EXERCISE DETAILS: Only the lines from the one containing "Not to mention, the" through the final line below belong in the output, copied exactly and without pictures.
Segment Start: LISTED RECORDS
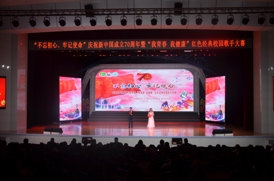 为庆祝新中国成立70周年,广泛组织开展“我和我的祖国”群众性主题宣传教育活动,弘扬爱国主义精神,10月15日,2026世界杯官方合作网站与乌兰察布市卫健委、计生协在世界杯官网泉山校区逸夫楼多功能报告厅联合举办“不忘初心、牢记使命”庆祝新中国成立70周年暨“我青春 我健康”红色经典校园歌手大赛。
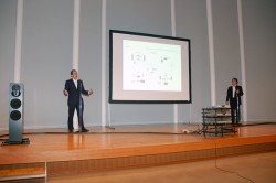 「あらゆるパッケージソフトを超えたハイビット・ハイサンプリングの世界〜高音質音楽配信ソースの聴き比べ〜」と題されたセミナーには、ネットワークオーディオプレーヤーの開拓者“DSシリーズ”を世に送り出した英リン・プロダクツのギラード・ティーフェンブルン社長や、CDを超えるクオリティの音源を配信しているクリプトンHQMの事業責任者・樋泉史彦氏が登場。ホール前には開始前から多くの人が集まり、約200人収容できるホールは急遽追加椅子を用意したほどの大盛況だった。
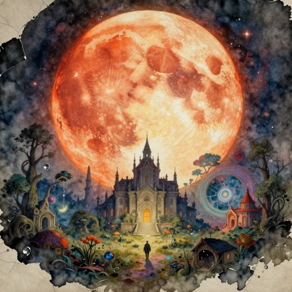 This digital painting features a fantastical scene with a massive, glowing red moon dominating the sky, illuminating a gothic castle at the center. The castle has intricate spires and an arched entrance, with a small figure approaching it. The foreground includes whimsical elements like glowing orbs, tiny houses, and colorful flowers. The background has dark, swirling clouds and a circular, blue, glowing portal to the right. The overall style is vibrant and surreal, with rich colors and detailed textures, evoking a magical, otherworldly atmosphere. The image has a watercolor-like border with visible edges.
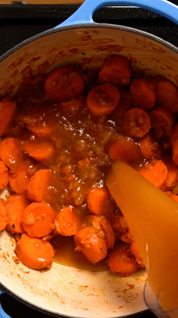 Not to mention, the red wine which imparts a lot of depth that contrasts perfectly with the vegan beef broth and aromatics.
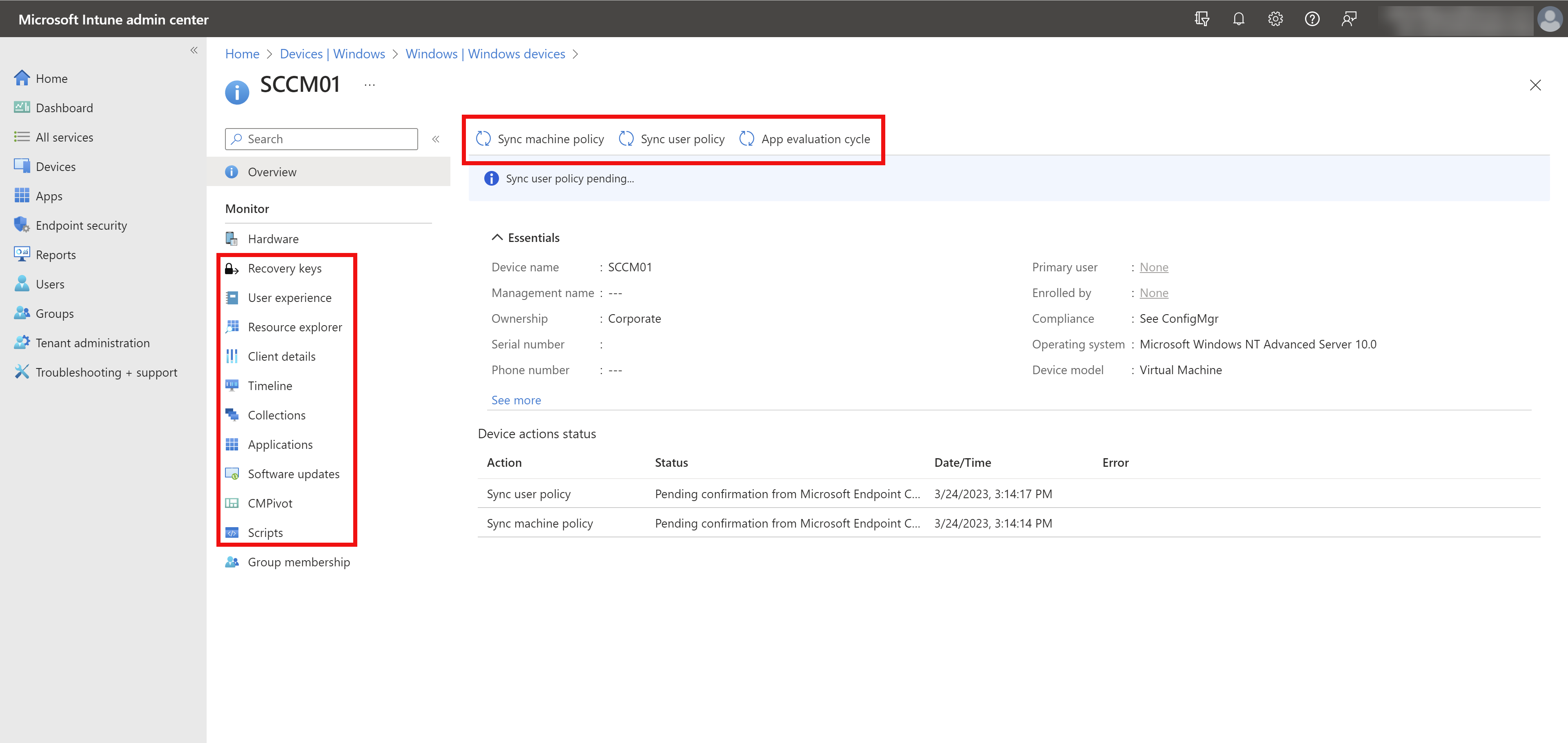 When you upload your clients to Microsoft Intune admin center, you can take CM Client specific actions like sync machine policy, sync user policy and sync app evaluation cycle. Apart from the actions, some of the features you may want to use include:
Segment End: LISTED RECORDS
SOLUTION TO THIS TASK:
 Not to mention, the red wine which imparts a lot of depth that contrasts perfectly with the vegan beef broth and aromatics.
 When you upload your clients to Microsoft Intune admin center, you can take CM Client specific actions like sync machine policy, sync user policy and sync app evaluation cycle. Apart from the actions, some of the features you may want to use include:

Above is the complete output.